Dissecting LLVM Obfuscator Part 1

| Kareem El-Faramawi | Toshi Piazza

LLVM Obfuscator is an industry-grade obfuscator which we have encountered frequently in the past few years of CTFing. This blog post documents our work in understanding the design of the obfuscator itself, as well as any possible weaknesses in the implementations of the obfuscation passes.

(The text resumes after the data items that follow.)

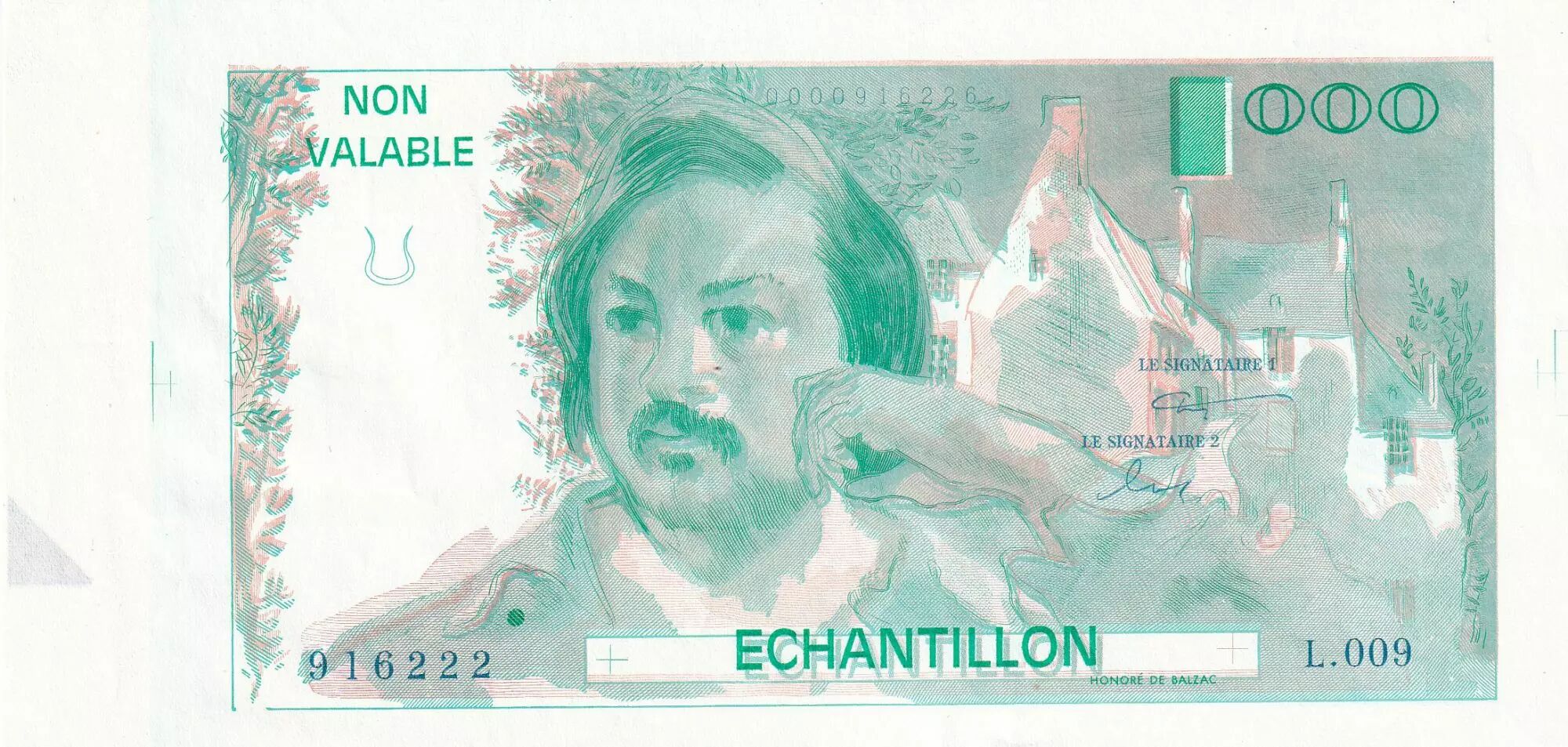 Accueil > Archivage > France 100 Francs - Balzac 1980 - Epreuve recto avec filigrane et signature - Série L.009 - Echantillon - P.NEUF
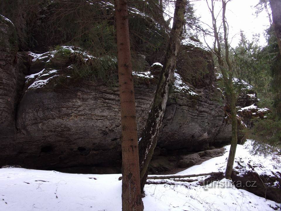Touláme se koulem Starých Splavů, v oblasti pískovcových skal, roklí a skalnatých údolí. Naše trasa začíná ve Starých Splavech, odkud půjdeme po žluté Tz do Černé rokle a odtud pak přes hřeben k převisu zvaném Braniborská jeskyně. Zpět se vrátíme po červené Tz. Braniborská jeskyně je vlastně veliký skalnatý převis pod kterým se údajně v ukrývali lidí v době války. Dnes slouží trampům jako…
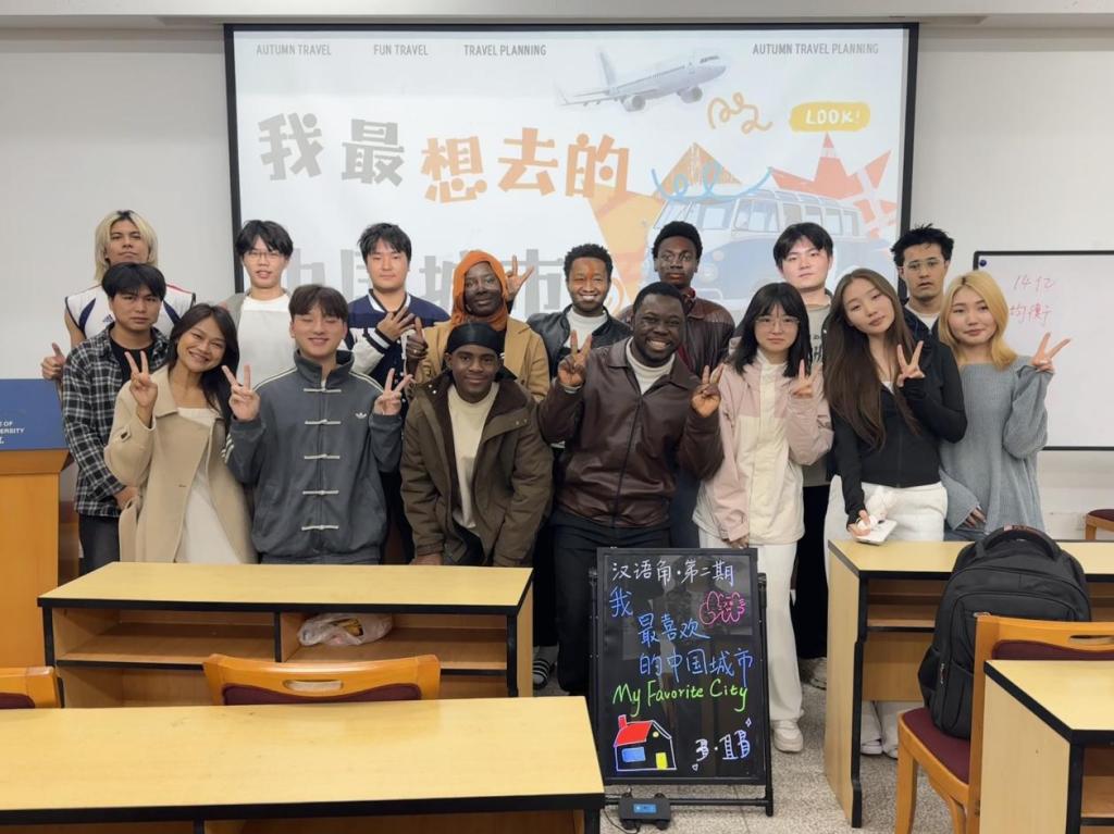 中外学生围绕活动主题,从城市风光、风土人情等方面分享见闻与感受。中国学生热情讲解城市魅力、教授汉语词汇与方言,留学生认真聆听、主动分享在中国的生活及旅行经历,现场欢声笑语不断。同时,“城市知识小问答”“趣味词语接龙” 等环节,让留学生在游戏中巩固了汉语知识,同时也拉近了彼此距离。

We use this work to automate the task of emitting cleaned and working binaries via Binary Ninja.

Introduction

The open source LLVM Obfuscator manifests as 3 relatively disjoint LLVM passes, each implementing some sort of obfuscation that obscures the CFG or arithmetic computation of the original program in some way.

Also note that, due to the fact that these passes operate over LLVM IR, it supports almost every architecture under the sun.

Information for each of the three passes can be found here:

These are simply the documentation pages maintained by the authors for each respective pass. However, if the documentation is deficient, the source is also an obvious ground truth.

Unfortunately, the llvm-obfuscator repo maintains multiple branches, one for each version of LLVM that that branch targets, with a clone of the entire LLVM repository, so it’s easy to get lost in the code. The passes for the 4.0 branch can be found here, in the lib/Transforms folder, as is customary for LLVM passes.

This blog post will focus on the control flow flattening pass, as we find it to be one of the most interesting passes in the LLVM Obfuscator ecosystem, as well as the most effective.

Control Flow Flattening

We can visualize the effects of the Control Flow Flattening pass as the following CFG transformation:

  1. Collect all of the original basic blocks in a CFG
  2. Lay them down flat “at the bottom” of the CFG, and remove all original edges
  3. Add …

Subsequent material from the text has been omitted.